I am in the same boat. I like blues and have a hard enough time keeping up with new bands and releases and digging out old matsers let alone trends in new music. I am so turned off by rap, hip hop and the so called new R&B that I guess by default I am not as agressive as I once was in finding out other new trends in music.
Also take into account that I have only progressed as far as CD's and don't own an ipod/MP3 player or a facebook/myspace page and all of the free music you can search out and download there. I am getting close to technology overload together with all the other stuff I need for day to day existence.
I teach SAP for my organization and am deeply into it on a day to day basis and really the last thing I want to do when I get home is cruise the Internet or even get close to a computer. I guess this is the main reason for not being able to keep up in certain musical areas.


----------



## hollowbody (Jan 15, 2008)

Meh...I've heard of, or know the work of most of those bands, and as far as I'm concerned, that's a pretty crummy list of "Bands who Rocked." Especially having F'd Up coming in 1st - that just reeks of bandwagon jumping, considering they are a Toronto band who just got a lengthy write-up in Spin Magazine. I've never like the hardcore scene and can't dig the music, so this particular band being an extension of that really baffles me. I guess I'm old. Except I'm not. I'm 28.

Of that entire list, I honestly got the most excited when they mentioned Luke Doucet in the headline, but then he was nowhere to be found in the rest of the article. For those of you who don't know him, he used to be the guitarist for Sarah McLachlan's backing band, as well as guitarist/vocalist for his band Veal, which were a 3-piece rock band that kicked a bunch of ass (check out 2003's Embattled Hearts). Lately he's been playing out as Luke Doucet and the White Falcons (yes, Luke plays a White Falcon). His Solo stuff is super-duper solid in the alt-country vein.

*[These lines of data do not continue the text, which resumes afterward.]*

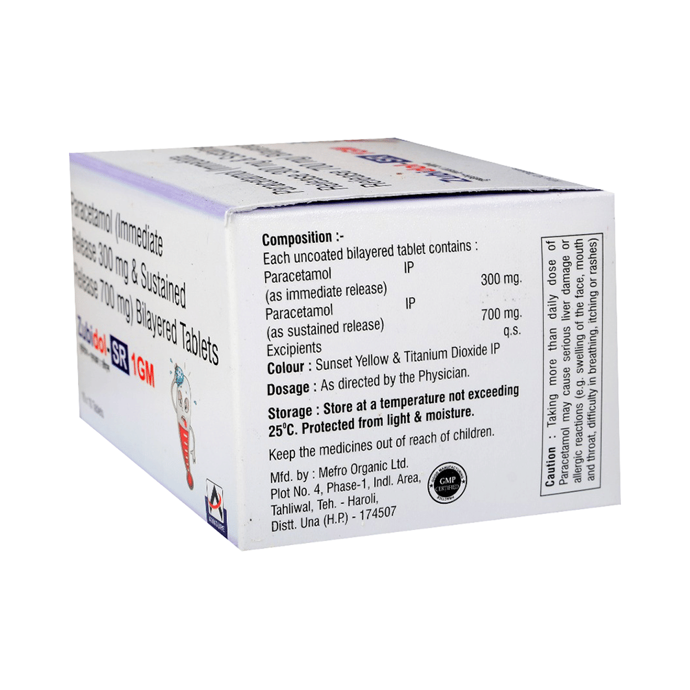 Zubidol-SR 1GM Tablet is a medicine used in the treatment of pain and fever. It may also be used to treat many conditions such as headache, body ache, period pain, toothache, and cold. It blocks the release of certain chemical messengers that cause pain, inflammation, and fever. You should take Zubidol-SR 1GM Tablet regularly as advised by your doctor. It is usually best taken with food otherwise it may upset your stomach. Do not take more or use it for longer than recommended.Side effects are rare if this medicine is used correctly but this medicine may cause stomach pain, nausea, and vomiting in some people. Consult your doctor if any of these side effects bother you or do not go away.Before taking it, let your doctor know if you have liver or kidney problems or are using blood-thinning medicines. It may affect the dose or suitability of this medicine. Let your doctor know about all the other medicines you are taking because they may affect, or be affected by, this medicine. Pregnant or breastfeeding women should consult their doctor before taking this medicine. It is best to avoid drinking alcohol while using this medicine.
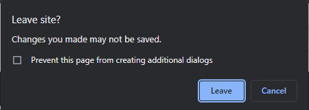 • An improvement to the logout warning when still logged on to a profile has been introduced. The improvement is that if an Agent tries to close the browser or the browser tab while still being logged on to a profile the browser will prevent the Agent from doing so by displaying a warning.
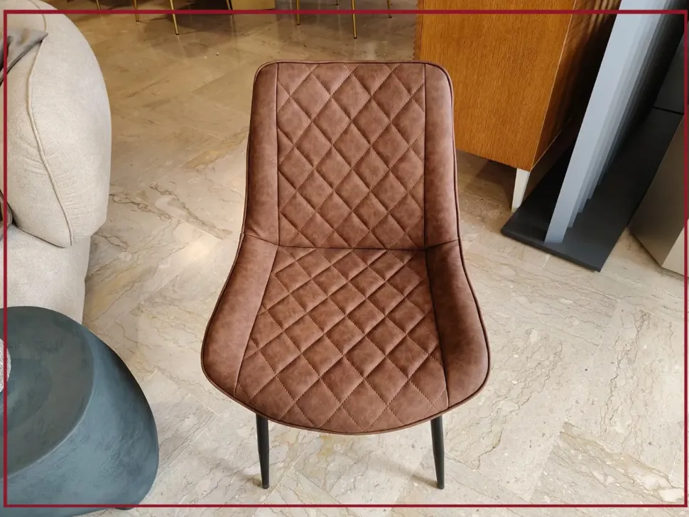 Il loro design pulito e senza tempo si inserisce con naturalezza in ambienti moderni, dove ogni dettaglio è pensato per valorizzare lo spazio senza sovrastarlo. Il rivestimento in ecopelle effetto vintage, con le sue sfumature e la lavorazione trapuntata, dona un senso di calore e vissuto, mentre le gambe in metallo nero Industry aggiungono un tocco deciso, quasi urbano, che le rende perfette anche in contesti più audaci.

Other than Luke, I dig the Eagles of Death Metal, but only in a semi-serious way, because they are a tongue-in-cheek band to begin with. The rest of that list is dung.


----------



## bobb (Jan 4, 2007)

I knew that I had happily lost touch with current music recently after suffering through several tunes on the supermarket muzak. Whiny, wandering drivel with no hooks or any reason to want to remember the tunes. One song came on that sounded like Tracey Chapman making a desperate attempt at a comeback and digging the absolute bottom of the barrel to do it. Turned out to be James Blunt singing(?) "You're Beautiful". Then "Jack and Diane" starts up...guess what gang, it ain't John Cougar. It's a poorly used sample used as BG for a Jessica Simpson tune. The only upside that I heard was a "new country" style tune that kicked a$$ and was enjoyable to listen to and that turned out to be Bon Jovi. No wonder so many young kids are listening to old people's music like AC/DC and Metallica.


----------



## allthumbs56 (Jul 24, 2006)

Heck .... I am so far behind on my "trying to get" list that I'm still working on Mary Margaret O'Hara .....


----------



## Starbuck (Jun 15, 2007)

allthumbs56 said:


> Heck .... I am so far behind on my "trying to get" list that I'm still working on Mary Margaret O'Hara .....

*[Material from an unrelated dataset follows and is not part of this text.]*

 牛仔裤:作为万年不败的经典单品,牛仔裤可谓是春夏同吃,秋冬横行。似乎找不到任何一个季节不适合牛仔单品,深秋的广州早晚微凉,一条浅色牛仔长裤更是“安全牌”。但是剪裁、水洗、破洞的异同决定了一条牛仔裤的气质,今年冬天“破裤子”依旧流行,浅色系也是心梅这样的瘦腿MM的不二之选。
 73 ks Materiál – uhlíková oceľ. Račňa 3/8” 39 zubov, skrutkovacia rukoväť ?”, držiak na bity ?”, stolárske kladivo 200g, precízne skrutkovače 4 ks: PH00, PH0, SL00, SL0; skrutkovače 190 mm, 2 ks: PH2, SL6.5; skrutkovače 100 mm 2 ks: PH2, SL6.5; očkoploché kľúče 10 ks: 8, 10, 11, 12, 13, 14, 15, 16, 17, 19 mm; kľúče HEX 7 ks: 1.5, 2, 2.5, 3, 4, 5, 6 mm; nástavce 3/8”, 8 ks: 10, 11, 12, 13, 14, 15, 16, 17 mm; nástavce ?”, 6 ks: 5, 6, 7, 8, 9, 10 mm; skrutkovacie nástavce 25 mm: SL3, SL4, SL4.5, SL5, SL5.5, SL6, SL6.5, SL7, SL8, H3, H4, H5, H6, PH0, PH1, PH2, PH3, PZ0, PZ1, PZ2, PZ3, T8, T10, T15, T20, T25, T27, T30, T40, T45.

LOL!! I don't "get" that either!!! Or that other one... Mimi on the beach.. Crap who _was_ that!????


----------



## allthumbs56 (Jul 24, 2006)

Starbuck said:


> LOL!! I don't "get" that either!!! Or that other one... Mimi on the beach.. Crap who _was_ that!????


Jane Sibbery ...... I almost got her once but my doctor gave me something :smile:


----------



## J S Moore (Feb 18, 2006)

Mary Margaret O'Hara? Wasn't she one of the characters on Saturday Night Live? Or was it SCTV?

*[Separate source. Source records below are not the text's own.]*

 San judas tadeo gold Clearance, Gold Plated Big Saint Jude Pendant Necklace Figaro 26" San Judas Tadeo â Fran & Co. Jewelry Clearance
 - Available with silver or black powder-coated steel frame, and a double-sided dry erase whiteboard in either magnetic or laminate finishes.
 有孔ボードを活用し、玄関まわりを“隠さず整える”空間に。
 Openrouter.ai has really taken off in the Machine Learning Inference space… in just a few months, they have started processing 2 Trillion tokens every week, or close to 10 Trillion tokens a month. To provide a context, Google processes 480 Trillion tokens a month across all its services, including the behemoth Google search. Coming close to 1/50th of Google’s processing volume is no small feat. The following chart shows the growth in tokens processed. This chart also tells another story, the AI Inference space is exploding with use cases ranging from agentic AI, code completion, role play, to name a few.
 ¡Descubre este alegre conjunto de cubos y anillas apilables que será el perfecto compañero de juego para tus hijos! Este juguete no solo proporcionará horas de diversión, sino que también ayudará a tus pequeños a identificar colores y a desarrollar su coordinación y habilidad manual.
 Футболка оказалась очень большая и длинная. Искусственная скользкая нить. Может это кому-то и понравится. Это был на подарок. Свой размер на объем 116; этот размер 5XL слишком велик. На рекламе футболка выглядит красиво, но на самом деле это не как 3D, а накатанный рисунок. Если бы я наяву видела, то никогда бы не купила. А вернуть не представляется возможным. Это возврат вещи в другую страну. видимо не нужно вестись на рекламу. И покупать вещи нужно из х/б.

I'm going backwards in time with my tastes. There's a lot of great stuff from the 60's to listen to. Still into Zeppelin and Floyd though.

I remember I was shaking my head at the music in the gym one time in the late 80's, I think it was Milli Vanilli or some such crap. One of the guys asked me what I listened to and I said "Zeppelin, Floyd, Sabbath". His reply was "I listened to that in high school. You gotta move on". And I thought "Move on to what? Music that doesn't speak to me? And why?". 

Oh, yeah. I recognize 4 off that list. Not to listen to though.


----------



## Robert1950 (Jan 21, 2006)

J S Moore said:


> Mary Margaret O'Hara? Wasn't she one of the characters on Saturday Night Live? Or was it *SCTV*?


That was Katherine O'Hara. Mary Margaret is her sister - she's a musician.


----------



## allthumbs56 (Jul 24, 2006)

Robert1950 said:


> Mary Margaret is her sister - she's a musician.


Yes ..... and I am a unicorn


----------



## zontar (Oct 25, 2007)

Robert1950 said:


> That was Katherine O'Hara. Mary Margaret is her sister - she's a musician.


Which makes at least 2 SCTV regulars with musician siblings--Dave & Ian Thomas being the other pair. They even toured together not too long ago.

My first concert was the Stampeders with the Ian Thomas Band opening.


----------